He did think of Miranda then—of the money he needed to take to settle everything with Archie, and take her away. Money he could get only one place. He pushed himself up from the table, pulling Reginald along with him. Waving off Sammy, who sat half-slumped over the table, still urging them to have another scotch, and only just remembering to take up the .32-20, which had been laying right out in plain sight. Handing Reginald his own .25, and showing him how to hide it.

“Right down the center of your back—like this.”

“That's right! You learn good, boy!” Sammy the Pimp called encouragement from where he was crawling up to lie across the table.

Reginald solemnly hid the gun as Malcolm showed him—and then the two of them were walking out on the street. The bustling night world looking distorted and incandescent from the coke, and the gage they had blown. It was a dark night, cloudy, with no more than a crescent moon in the sky, which Malcolm took as a good sign for their job. He walked slowly, carefully, making a concerted effort to walk straight with his spaghetti, drunk legs. He winked at his brother, and turned toward downtown, starting for the ghosty men's house—only to see Reginald keep walking the other way, back in the direction of their hotel.

“Hey, bro', you got turned around!” he called after him, grinning, hooking onto his brother's arm and attempting to turn him back around. “The score I got in mind is
this
way—”

But to his amazement, Reginald simply shrugged off his arm, and kept going, walking rapidly back toward the St. Nicholas, Malcolm scrambling after him.

“Hey! You ain't lost your nerve already, have you, Cholly Hoss?”

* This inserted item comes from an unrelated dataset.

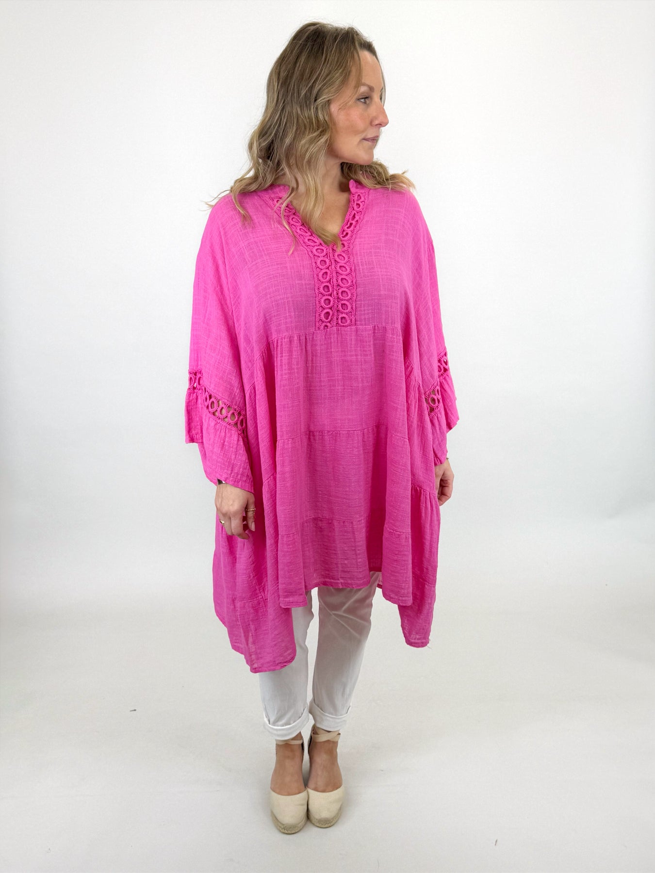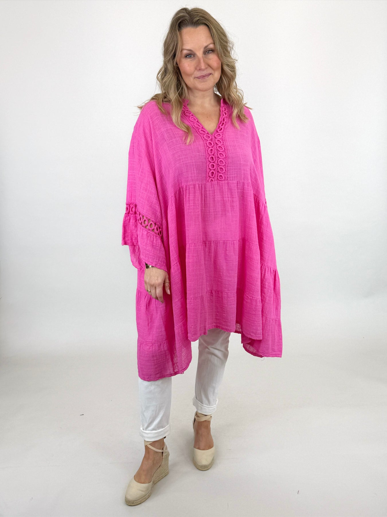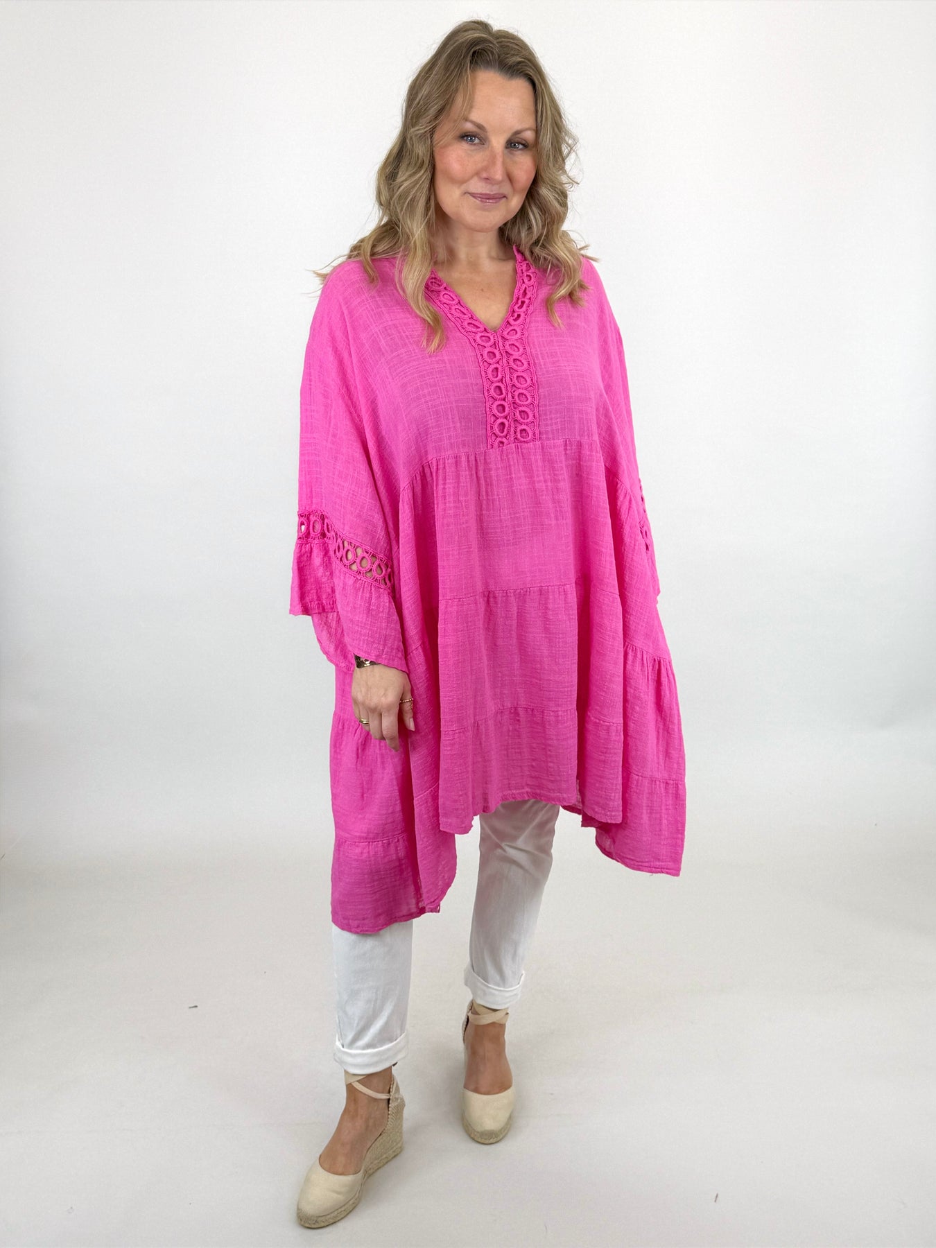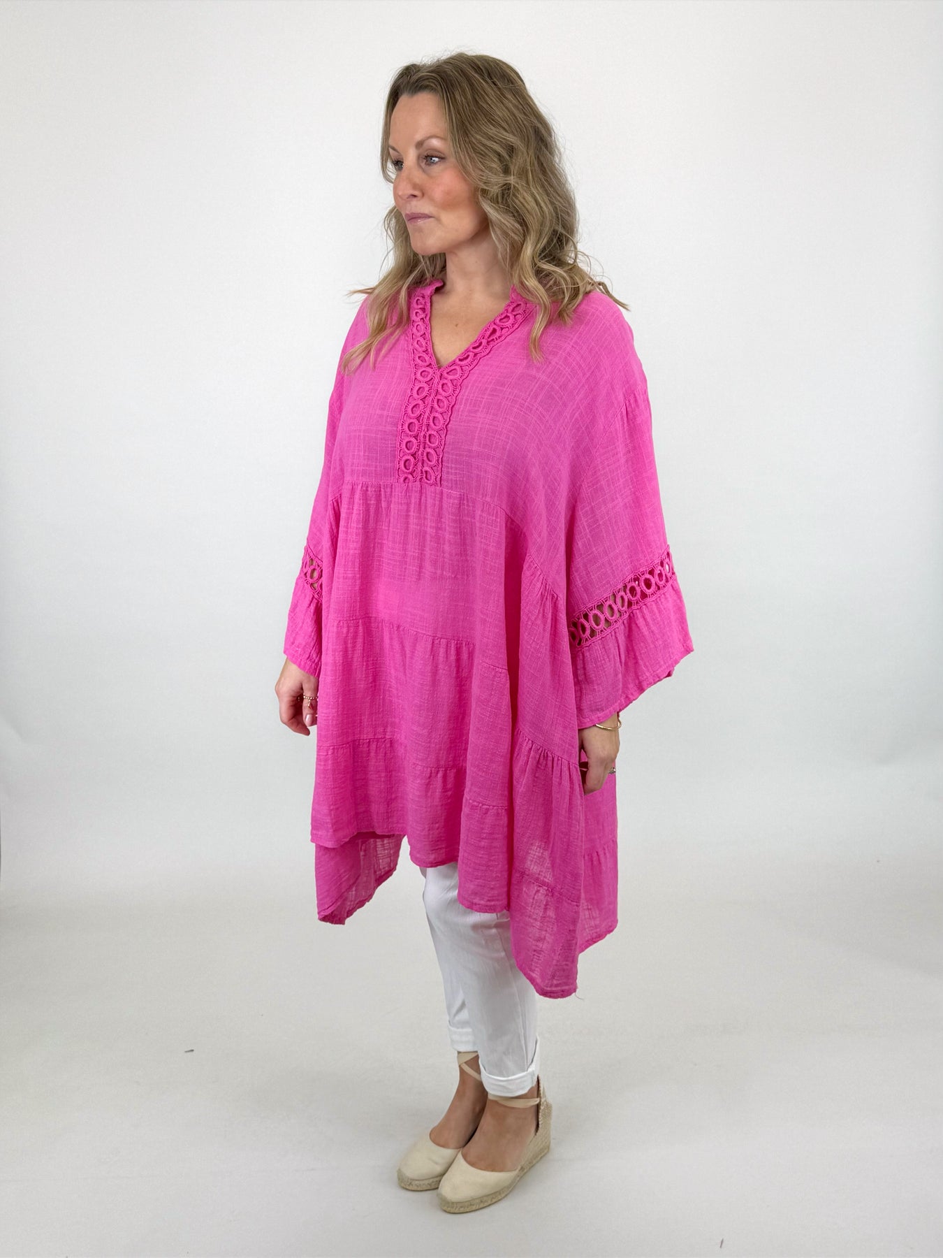 Lagenlook Yasmin V- Neck Top | Fuchsia. 91267

“I ain't doin' any stick-up job, Malcolm,” Reginald said, his voice trembling but plowing on ahead.

“But you just said you would!”

“I only said it so I could get you outta there,” Reginald told him, stopping, finally, to confront him on the sidewalk. “Malcolm, I ain't no hold-up man, an' I ain't gonna jump ship. That's desertion, they could put my ass away for the rest of the war. An' I don't trust that Sammy's far's I can spit him.”

Malcolm remonstrated with him all the way back to the St. Nicholas, and even as Reginald stalked grimly around their suite there, collecting his things and piling them into his seaman's bag. Telling him again about how much money they could make, and how many girls they would get, and how safe he would keep him from the MPs, and the cops. But even as he spoke, Malcolm could hear how weak, and unconvincing, his voice sounded. Maybe it was all the blow and the liquor they had ingested at Sammy's that made him keep losing his train of thought, but there was also the voice he heard in the back of his head now that kept asking,
But when have you ever kept anybody safe? When did you ever keep even
her
safe?

At last, when Reginald was all packed up, he pulled the .25 from the small of his back and handed it back to him.

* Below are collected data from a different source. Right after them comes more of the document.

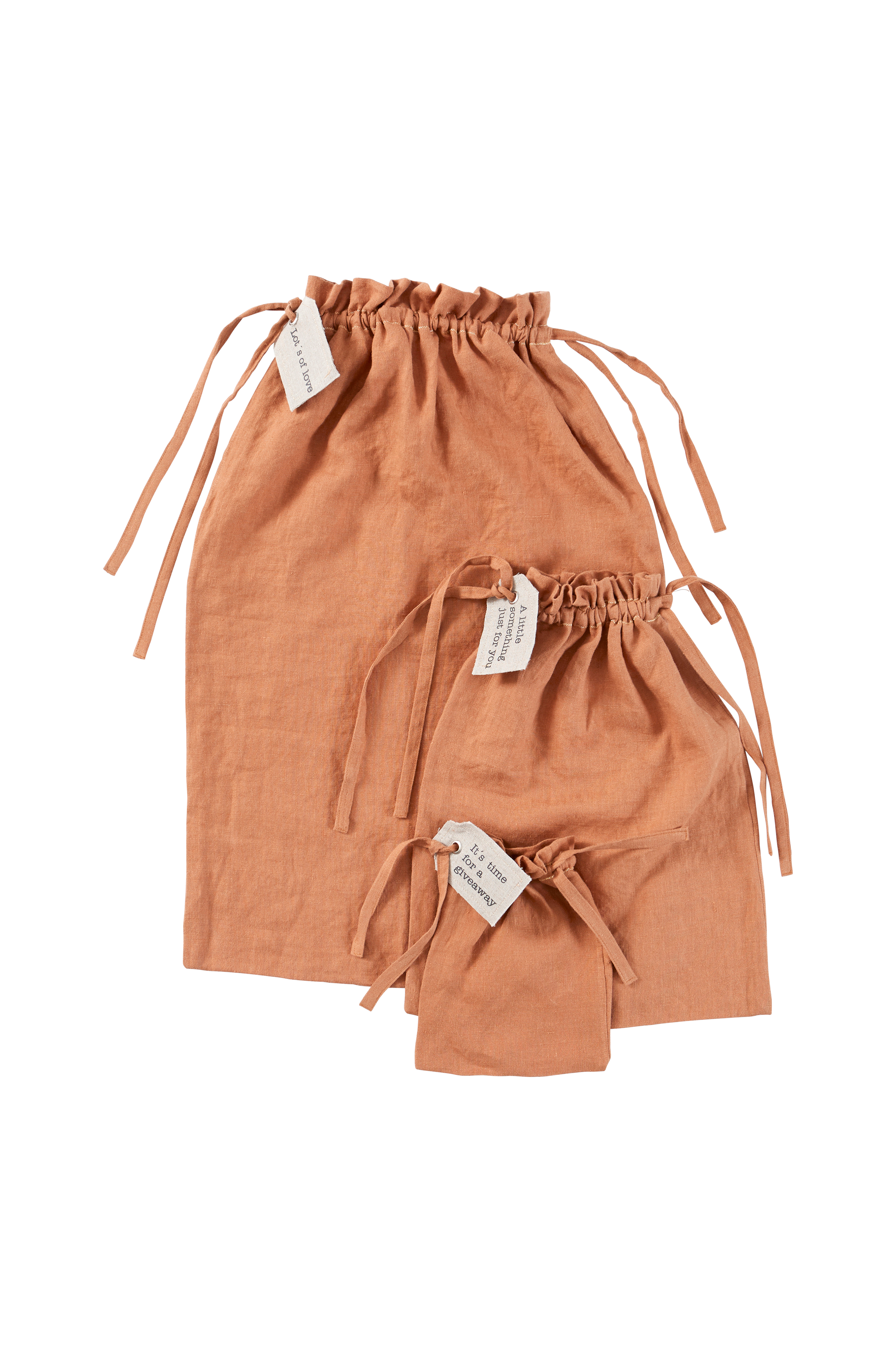 Gavepose Candice i linstoff. Snøring med etikett øverst. Velg mellom str 15x20 cm, 30x40 cm og 40x60 cm.
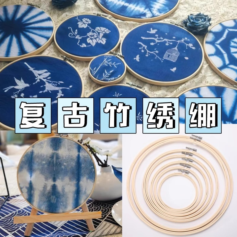 竹绣绷圈扎染手工diy材料包学生制造工艺品布料方巾工具作品展示
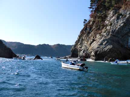 風や波がカンコになる漁場に行き、そこでアワビを採捕しました。

“Malcolm, I ain't doin' this,” he said, his eyes glistening. “This ain't like when we was kids. I don't think you should do it, either.”

“Just think about it. Another minute! That's all I'm sayin'—”

“No, man—”

“You think this ain't safe? They gonna
kill
you on that boat a yours!” Malcolm burst out, regretting it as soon as he saw how startled Reginald looked. Then Reginald slowly shook his head, looking him determinedly in the face.

“I gotta get to my ship. I'll let you know next time we're in port.”

He shook his hand, then pulled Malcolm to him in an awkward, tentative hug.

“All right, then. All right. But I'll still be here, waitin', if you change your mind on your way to the navy.”

“Good-bye, Malcolm,” Reginald said softly as he went out the door—looking back at him with the very same expression of alarm and concern he had had on his face that night outside the Levandowskis', years ago. “You go easy, now.”

“I'll be here! I'll still be here!” Malcolm called after him.

And when he was gone, when Malcolm finally heard his shoes echo down the hallway, and the elevator arrive, he had felt even emptier, and more lonely than he had any of those other nights, alone in his room these past few months. He went in to sit on his brother's bed, hoping that somehow Reginald might feel as bad as he did, separated from the last of his family again, and was even now hurrying back along the Harlem sidewalks.

But there was nothing—no bing of the elevator, or sound of footsteps headed back up the hallway. Malcolm bounced himself idly up and down on the bed to stay awake. Noticing how tight and firm the bedspread was, Reginald insisting on making up his own bed every morning just as he had learned in the merchant marine, and before the maid could even get in.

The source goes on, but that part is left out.